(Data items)
******

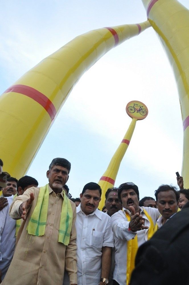 Naidu's padayatra concludes on a grand note: TDP president N.Chandrababu Naidu along with actor Balakrishna at a massive public meeting organised on the eve conclusion of marathon padayatra Vastunna Mee Kosam undertook by Naidu at Visakhapatnam on Saturday.
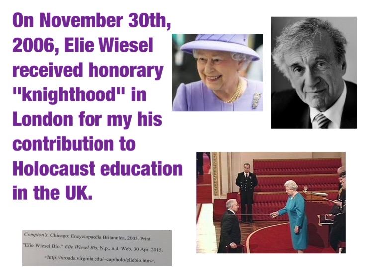 On November 30th, 2006, Elie Wiesel received honorary "knighthood" in London for my his contribution to Holocaust education in the UK.
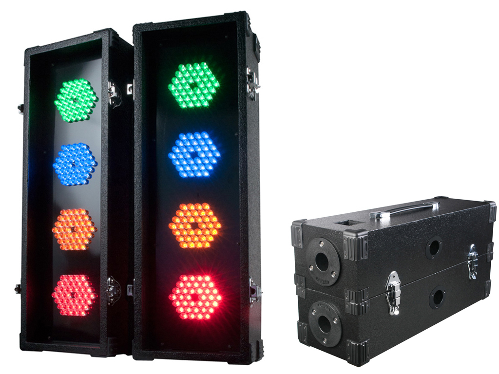 Simile alle "luci psichedeliche" di una volta, Flashback 4 è un set di due banchi con 4 luci LED in un robusto case che si chiude a valigetta. Ideale per l'intrattenimento mobile, i due banchi di Flashback 4 sono equipaggiati con 4 gruppi (1 verde, 1 blu, 1 ambra e 1 rosso) di 36 LED da 10 mm, che si illuminano e pulsano con la musica. Semplicissimo da montare e smontare, Flashback 4 è dotato di 11 programmi incorporati. L'angolo di proiezione è di 45° ed ha un assorbimento di soli 23 Watt. Il case rigido è ideale per trasportarlo e riporlo in sicurezza.
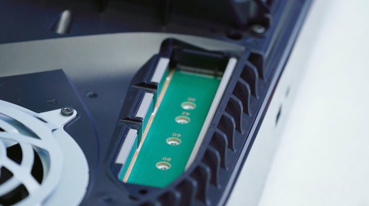 Ist man erstmal im Inneren angelangt, so findet man zwei Öffnungen, in denen der Staub gesammelt werden soll – clever, denn so lässt sich die PS5 schnell entstauben, indem man einen Staubsauger an die entsprechenden Stellen hält. Die PCIe 4.0 M.2 SSD befindet sich unter einer Abdeckung, die durch eine weitere Schraube geschützt wird, sodass das Speicher-Upgrade in nur wenigen Minuten erledigt werden kann – das geht bei der Xbox Series X zwar noch schneller, dafür ist das Speicher-Modul dort auch deutlich teurer.
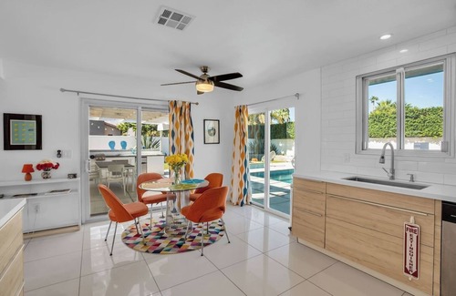 Our 3-bedroom home brings you the best of Palm Springs indoor/outdoor living. Stylish & comfortable, our home features floral accents and art walls to help you relax & unwind, along with modern amenities that make you feel at home. Enjoy the majestic, sweeping views of the San Jacinto mountains from our backyard, complete with heated pool, spa, dining area and Bocce Ball court. Our unique place is Instaworthy and has a style all its own. We hope you enjoy & make it your desert oasis!
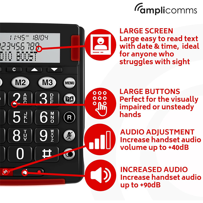 Amplicomms has built a strong reputation for producing accessible communication devices tailored to those who need enhanced sound and easy operation. Their phones are designed to be intuitive, durable and dependable — giving you peace of mind with every call.
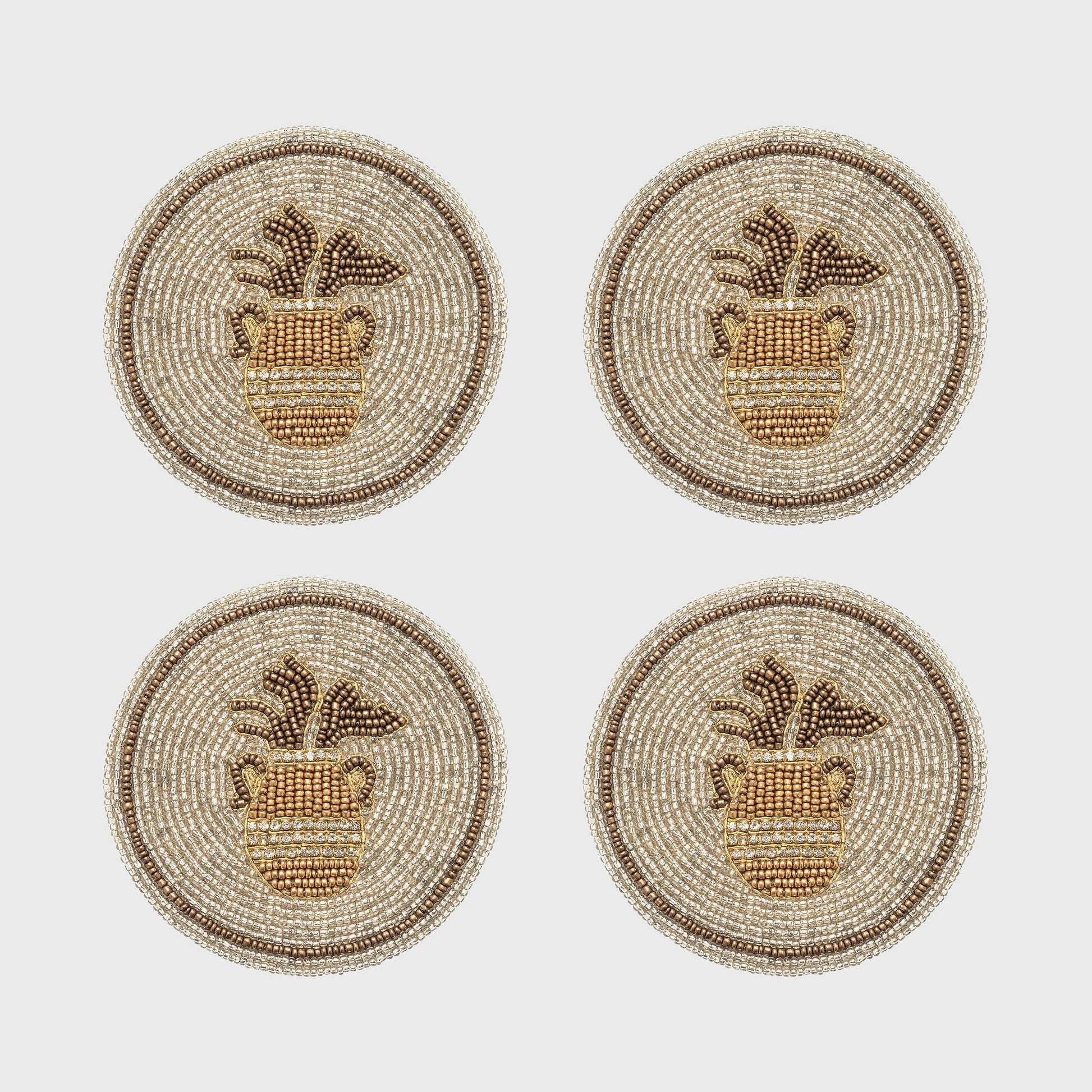 Set of four glass and metal coasters designed for everyday protection.
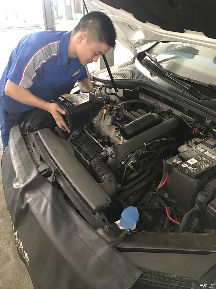 正在加新机油,师傅讲我买的机油算很好的了,听了我会心一笑
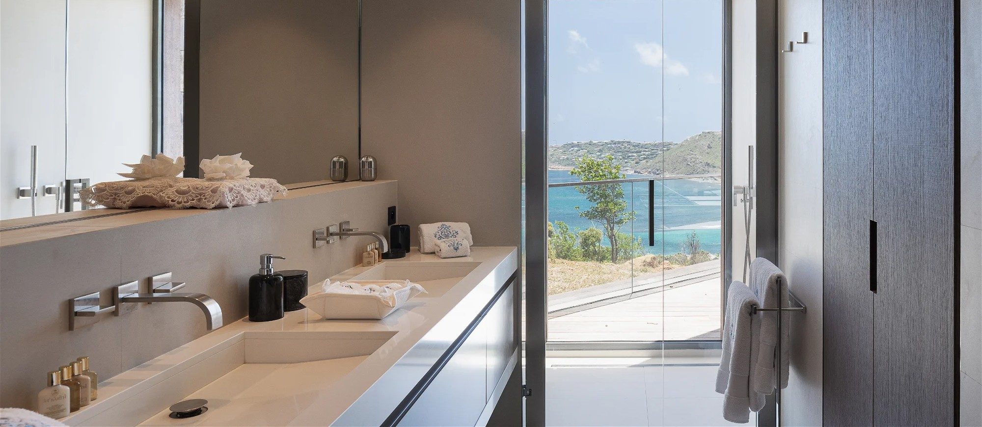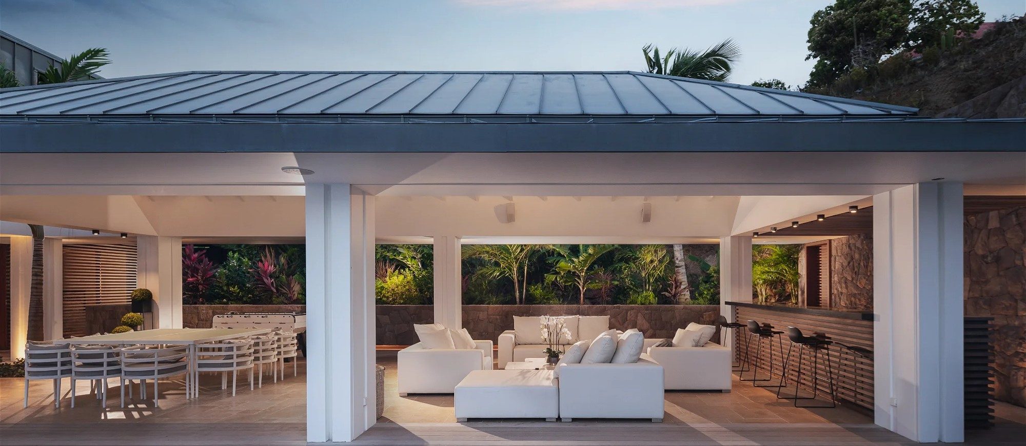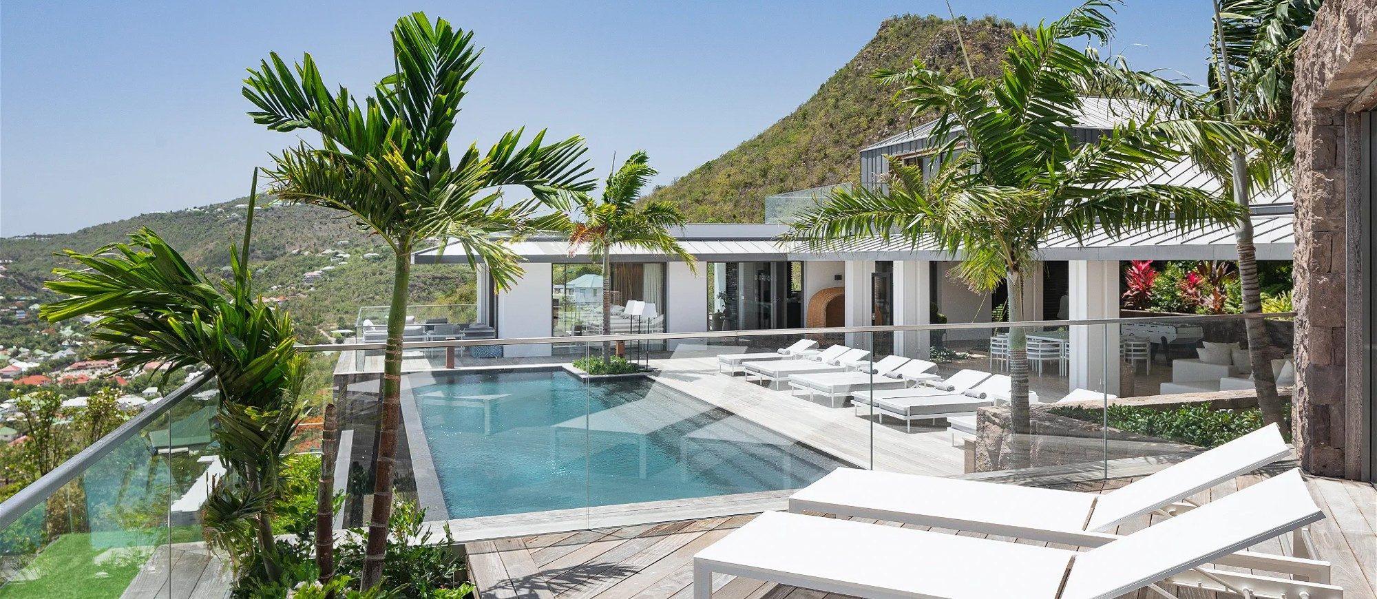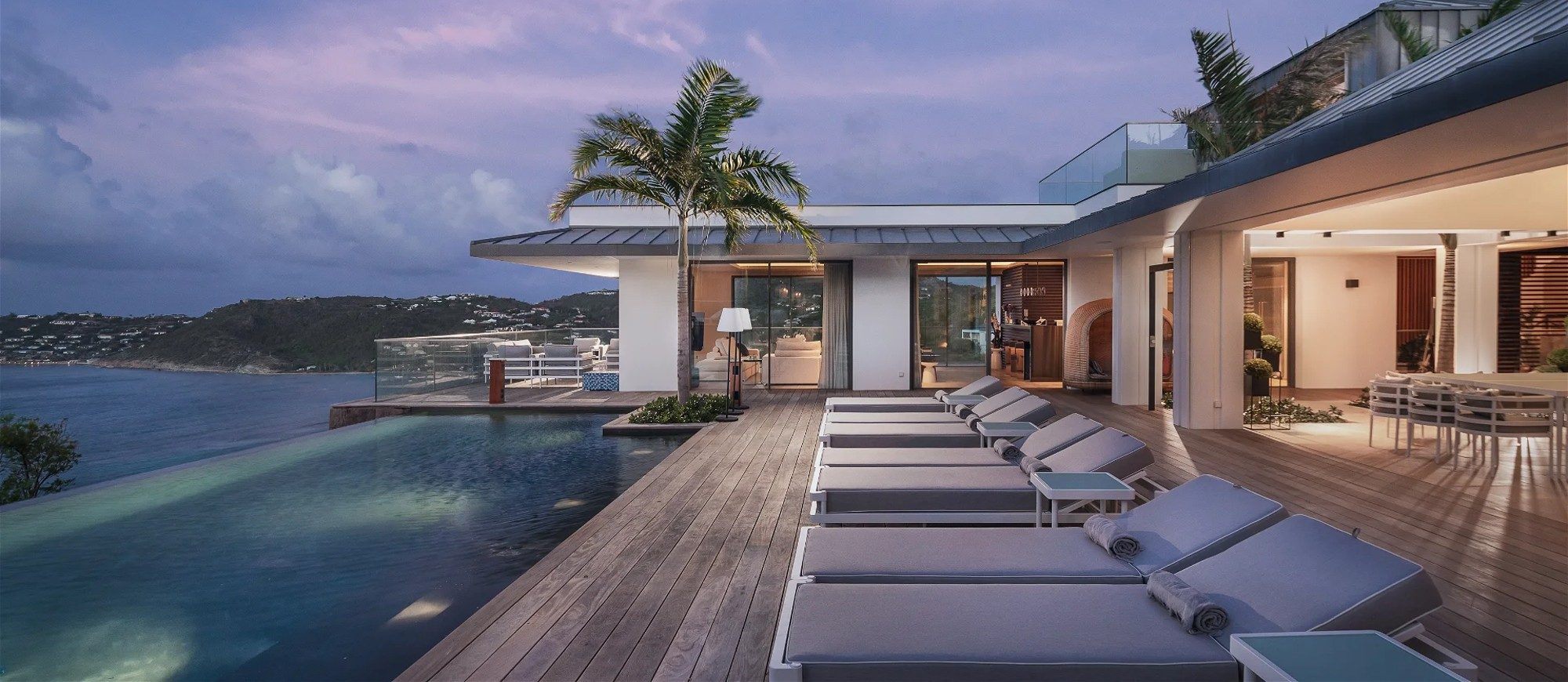 An incredible heated infinity swimming pool stretches along the main building, as a prelude to the ocean. The outdoor dining room accommodates up to twelve guests for succulent alfresco dining under the Caribbean stars. The large deck is furnished with lounge chairs and soft cushions in a heavenly setting of palm trees mixed with Caribbean hills. In the heart of tropical nature, sunbathing and reading sessions overlooking the ocean will make your stay unforgettable.

******

Look above for the line with "Set of four" and copy exactly from it through the line with "正在加新机油,师傅讲我买的机油算很好的了,听了我会心一笑", both included. Omit the pictures.

 Set of four glass and metal coasters designed for everyday protection.
 正在加新机油,师傅讲我买的机油算很好的了,听了我会心一笑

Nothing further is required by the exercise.